Leave the pictures out, and transcribe the material below exactly from the line with "Chief Minister of" to the line with "Ambassaden har til", both lines included.

◆ **Supplied material**

::::::::

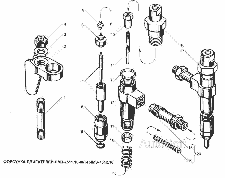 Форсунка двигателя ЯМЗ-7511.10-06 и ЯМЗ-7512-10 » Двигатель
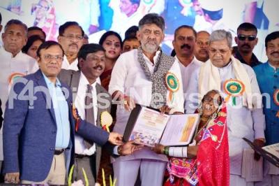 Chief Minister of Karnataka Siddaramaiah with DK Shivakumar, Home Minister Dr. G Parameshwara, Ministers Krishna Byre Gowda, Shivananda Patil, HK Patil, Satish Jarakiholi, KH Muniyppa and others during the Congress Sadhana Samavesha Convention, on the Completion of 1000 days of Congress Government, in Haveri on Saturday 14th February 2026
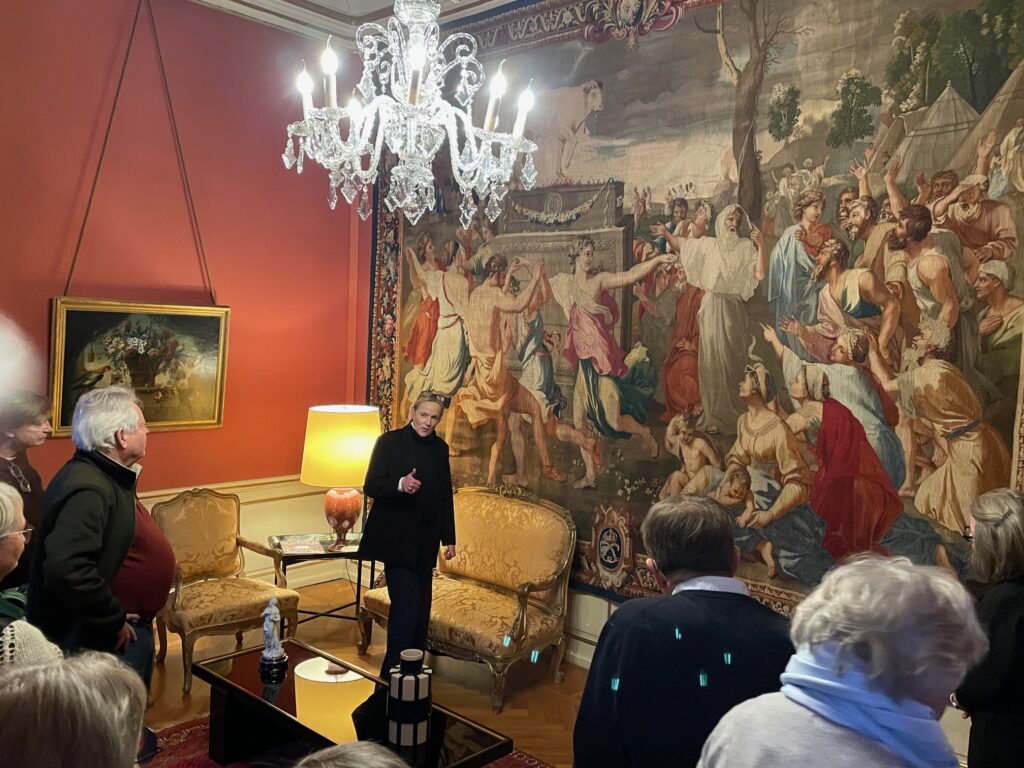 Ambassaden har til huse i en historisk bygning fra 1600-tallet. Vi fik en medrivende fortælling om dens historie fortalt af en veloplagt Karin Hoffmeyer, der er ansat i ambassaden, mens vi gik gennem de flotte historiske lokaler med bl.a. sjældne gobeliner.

::::::::

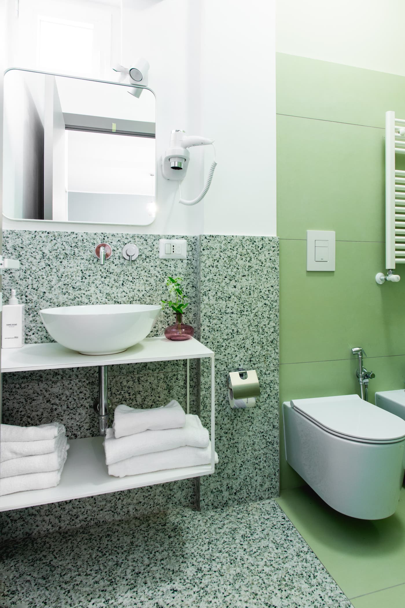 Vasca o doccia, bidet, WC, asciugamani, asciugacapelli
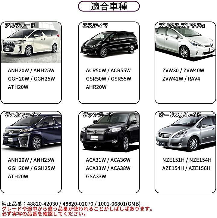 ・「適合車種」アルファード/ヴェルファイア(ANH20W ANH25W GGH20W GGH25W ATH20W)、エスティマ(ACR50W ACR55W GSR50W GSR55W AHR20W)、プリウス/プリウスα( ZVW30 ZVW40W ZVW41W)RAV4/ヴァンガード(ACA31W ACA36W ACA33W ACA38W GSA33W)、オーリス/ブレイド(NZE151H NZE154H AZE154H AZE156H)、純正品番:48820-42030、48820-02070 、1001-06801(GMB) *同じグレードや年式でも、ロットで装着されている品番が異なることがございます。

::::::::

◆ **Task response**
 Chief Minister of Karnataka Siddaramaiah with DK Shivakumar, Home Minister Dr. G Parameshwara, Ministers Krishna Byre Gowda, Shivananda Patil, HK Patil, Satish Jarakiholi, KH Muniyppa and others during the Congress Sadhana Samavesha Convention, on the Completion of 1000 days of Congress Government, in Haveri on Saturday 14th February 2026
 Ambassaden har til huse i en historisk bygning fra 1600-tallet. Vi fik en medrivende fortælling om dens historie fortalt af en veloplagt Karin Hoffmeyer, der er ansat i ambassaden, mens vi gik gennem de flotte historiske lokaler med bl.a. sjældne gobeliner.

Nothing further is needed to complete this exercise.